The inlay board thickness needed to be equal to the cutting depth + inlay thickness. i.e 7/16″ + 1/16″ = 1/2″
The shim thickness was determined by the following formula in the Leigh Bulletin: inlay thickness x 1.28 i.e 1/16″ x 1.28 = 0.08″ (The angle of the cutter bit determines the factor by which you multiply the inlay thickness by in order to determine the shim thickness.
Having prepared all the lumber the next step was to layout the fingers on the jig. As my board was only 2 1/2″ wide there were not going to be many dovetails! It is important to make sure that you have room for at least two shim thickness between each pair of fingers. The guide fingers need to be moved by this amount later in the proceedings.

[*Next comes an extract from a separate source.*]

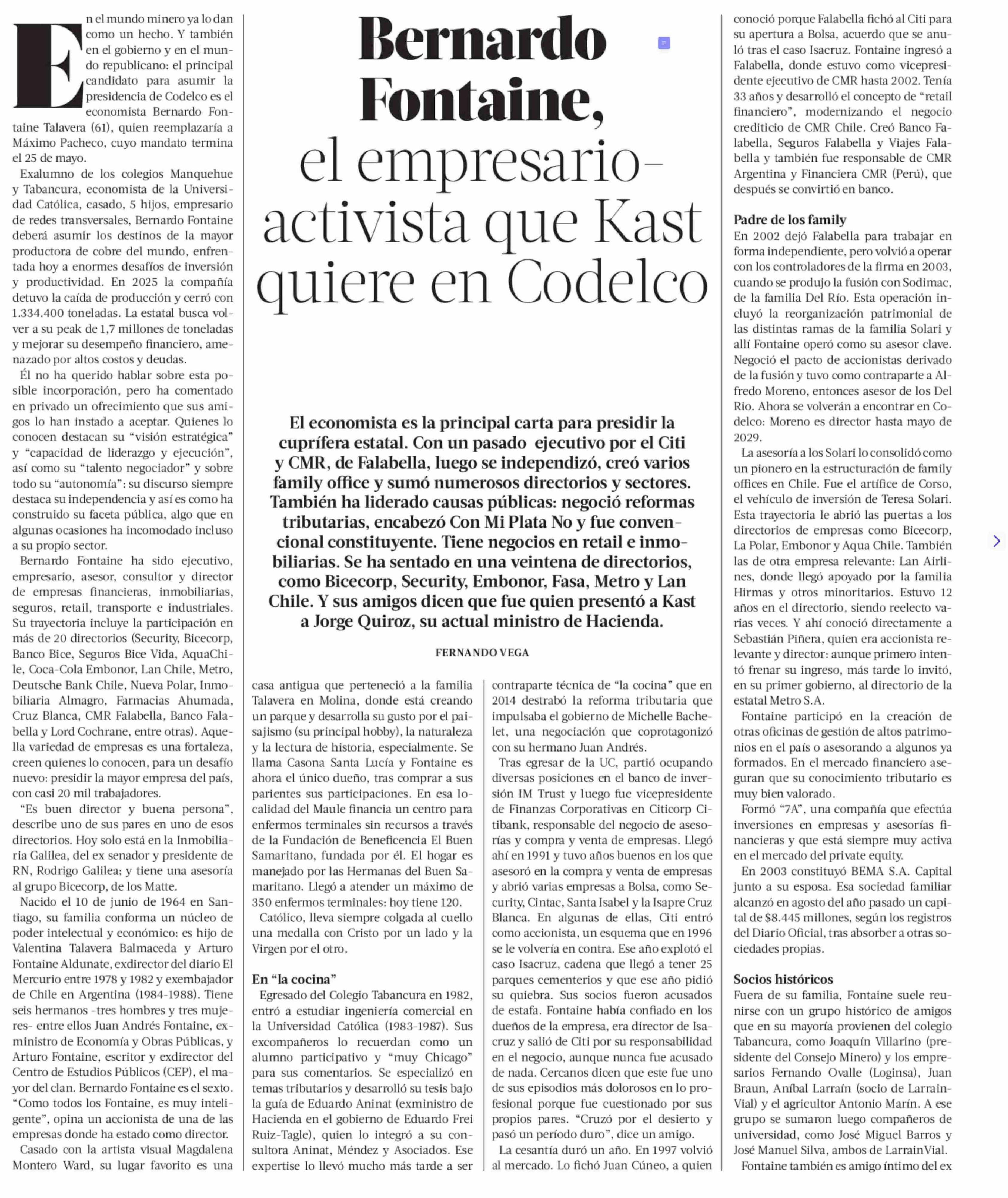 | Título: | Bernardo Fontaine, el empresarioactivista que Kast quiere en Codelco |

The assembly is then rotated into the half blind pins mode with the scale set to the thickness of the tail board. The pin board is placed horizontally in the jig and moved forward so that it touches the tail board that is vertical in the jig. You can see in the image below that the tail board is set low enough that the router bit will not touch it!

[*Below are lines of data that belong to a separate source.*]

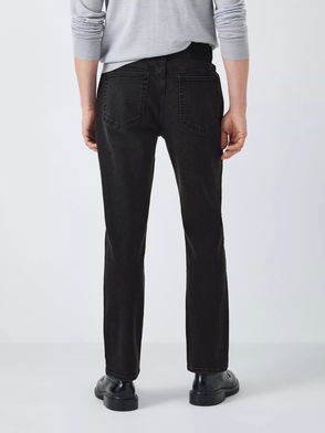 Mid-rise fit, barrel-leg cut, belt loops, four pockets, twisted seams through legs, dropped crotch, faded finish
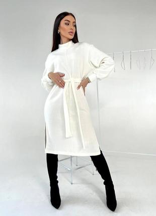 Сукня Модель: 080 osip Ткань: турецкая двусторонняя Ангора люкс ( ткань плотная, мягкая и очень приятная к телу ) Цвета: пудра, молоко, черный, беж и серый Размеры: 42/46 и 48/50 🎀 Теплое и удобное платье с разрезами в длине миди. Супер качество! Это теплое и в то же время стильное платье подойдет для любого события, универсальная вещь, которая должна быть в гардеробе каждой девушки. Тканевый пояс в комплекте ☺️
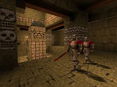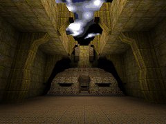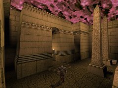 ![]() When I reviewed Tomb, I said that the temple style was "...one I had never seen in a decent SP map..." - doh!!! Time for me to eat my words, as aside from the Lost Island (to be reviewed at a later date), there is this temple masterpiece - how could I possibly forget it??? This is an claustrophobic Egyptian themed temple par excellence - it sticks to the theme perfectly. You know, I tried, I tried really hard to criticise the theme, the style, and the architecture of this map....but I couldn't. Yes the architecture could be improved: it could be more angled, and the small scale design could be made more spacious, but given what the level sets out to do, to create a templesque labyrinth, the style is pretty much flawless. The architecture is perfectly consistent throughout, yet the immaculately applied textures give variety, between sandstone, engravings, terracotta, and dark balsatic edifices There are plenty of details in almost all areas of the map, both design touches as pillars, subtle angles, braziers and sarcophagi, and in fantastic textural detailing - aside from the few plain connecting corridors, every room has something of visual interest. And what is more, it all fits together extremely well - a great example of adhering rigidly to a theme, yet exploring variety within that theme. However, aside from the beauty of it all, there is one distinctive design feature that may not be to everyone's taste: the map is designed on a noticabley small scale in most places - even the larger areas are, well, smaller, and the corridors are very narrow. Personally, I found this was not in the slightest bit detrimental to gameplay (even beneficial in some places), and indeed it added to the labyrinthine atmosphere. But if you are claustrophobic, you may find this rather cramped. Although you are generally forced in one direction as far as the layout goes, the style of the map gives a reasonable illusion of exploration, and there are a few secrets, though strangely balanced in places. Onto gameplay, and though this is a lot of fun, it doesn't quite live up to the high standard set by the design. The gameplay has it's own flavour, as the scenery precludes charging in and outmanouvering the monsters (which, needless to say, fit well with the theme). Rather, the design encourages a "shoot and duck" style of fighting, which is nice for a change, though less exciting than the normal Quake gameplay. As far as this style of fighting goes, the tight architecture does work against some monsters, making it easy to bottleneck them in doorways. In other places, they can surprise you in cramped places and be more effective, and there are a couple of good surprises. The main disappointment, after fun, well balanced and consistent gameplay throughout, is that the ending is just to easy. Although the ammo is well balanced up to this point, the prescence of the lightning gun and only one final monster makes it an anti-climax. Also worth mentioning - there are 2 death traps, one is indicated, which is fine, while the other isn't, which is not. These are not too detrimental though, and given the style of the level, I can recommend it pretty much unconditionally. (Size: 1.2 meg. Alternative downloads: Sadlark 9 / Sadlark 9)

The pin board is then routed. This is not the normal procedure when making half blind dovetails using the Leigh Jig. Normally the tail board is routed first. For inlaid half blind dovetails the pin board needs to be routed first so that an inlay can be glued into the pins.
The assembly is now rotated to the half blind tails mode and the inlay board is placed horizontally in the jig. It is moved forward so that it is flush with the front face of the tail board mounted vertically in the jig. The inlay board is routed out. When routing the inlay board you need to make sure you route back far enough so that there is enough of a tail to fill the tail sockets.
After making a test fit I took the inlay board to my cross cut sled on my table saw and cut off a couple inches of the end which had been routed. I then glued the inlay into the pin board. As you can see in the image below I did this on both ends of the pin board.
Once the glue had cured, I took the piece to my cross cut sled again and cut the inlay board flush with the end of the pin board.
Now comes the magic trick. With the jig assembly still in the half blind tails mode the guide fingers need to be moved so that the next set of pins and tails that are cut are slightly smaller than the first set. The Leigh Bulletin does a great job of explaining how the guide fingers need to be moved, I’ll do my best here.
The right hand fingers are loosened and moved to the right by one shim thickness. They are then tightened. The left hand fingers are then loosened, slid to the left so that two shims fit between the left and right fingers, then the left finger is tightened. The half pin guides need only to be moved inwards by one shim thickness. The easy way to do this is to move the “spare” fingers (the ones to the far left and right of the joint that are just used to rest the router on) flush to the half pin guides. Then the half pin guides are loosened, slid in by the the thickness of one shim and tightened. The “spare” guides are then moved back out. It sounds pretty complicated, but it is actually fairly simple to do.
Having moved the guides, and with the assembly still in the half blind tails mode, the tail board is routed out. As you can see in the image below the tail board is mounted vertical in the jig and raised so that it touches the underside of the guide fingers.
We’re nearly there!! The assembly is rotated to the half blind pins mode. The pin board with the inlay is mounted horizontally in the jig and moved forward so that it touches the tail board that is vertical in the jig. Again you can see in the image below that the tail board is set low enough that the router bit will not touch it!
The pin board is routed out and finally the inlaid joint is revealed! I don’t need to tell you how exciting a moment this is!
The results of all those steps, an inlaid half blind dovetail joint.